La madre de Lidia aplaudía cuando Mirta perdió el ritmo de la carrera por agacharse a recuperar los anteojos y resbaló en las lajas, quedando fuera de juego.
-¡Una menos, una menos! -se alegró soberbia Lidia Afrodita, apoyada en el tronco -. La venganza es el placer de los dioses -sentenció orgullosa mirando a Mirta que, ya sin jerarquía alegórica, se limpiaba con la palma de la mano las lágrimas.
Mi hermana había elegido un lugar cercano al trono, para acortar distancias, pero Lidia Afrodita, ignorándola, prefería perseguirnos a Susy y a mí. Esa indiferencia la dejaba fuera del juego mortificándola y protestó acalorada porque ella también se sentía una Musa y quería jugar.
-Vos sos muy chica -le dijo la madre de Lidia -.Mejor otro día -.Y trató de conformar la injusticia canjeando por un bizcocho la impotencia de mi hermana, inocente de haber nacido dos años más tarde.
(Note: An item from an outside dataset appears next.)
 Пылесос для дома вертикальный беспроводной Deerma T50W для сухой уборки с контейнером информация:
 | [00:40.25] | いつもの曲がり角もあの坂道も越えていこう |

-¡Corré, corré…! -le advertí varias veces a Susy, pero creo que tenía ganas de abandonar la corona real y beberse otro refresco. Caminando despacio, llegó resignada hasta el trono de la más bella de las diosas, y la dejó ganar.
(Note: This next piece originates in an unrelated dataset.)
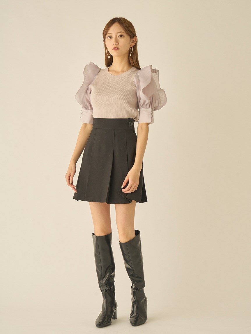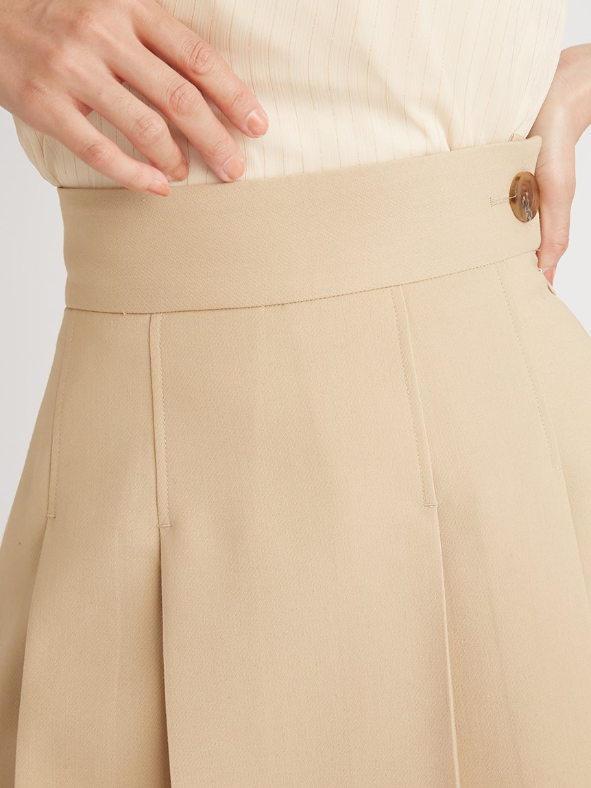 形が崩れないように計算された太めのプリーツが印象的な、きちんと感のある上品なルックスのスカショーパン。「SNIDEL」定番の人気アイテムを秋冬らしいデザインで仕上げました。左ウエストにあしらわれた大きめのボタンが、シンプルな中に映えるさり気ないアクセントに。幅広い年代の方に似合うようにとこだわった絶妙な丈感で、品の良いスタイリングを叶えてくれます。

Atardecía, el sol cayendo sobre la pared del oeste se partía en líneas rosadas.
-Vengan a comer torta a la sala, Lidita, veni a tocar el piano.¡Chicas, a la sala que es tarde! -nos apuró la madre de Lidia, moviendo las manos de uñas cuidadas y rojas.
-Lidia, Lidia… sigamos nosotras -le dije con odio, cuando quedamos solas en el jardín.
-Es tarde -contestó seca, sin mirarme -,seguimos mañana.
-¡No, ahora! ¡Hasta el tronco! Te juego que llego antes.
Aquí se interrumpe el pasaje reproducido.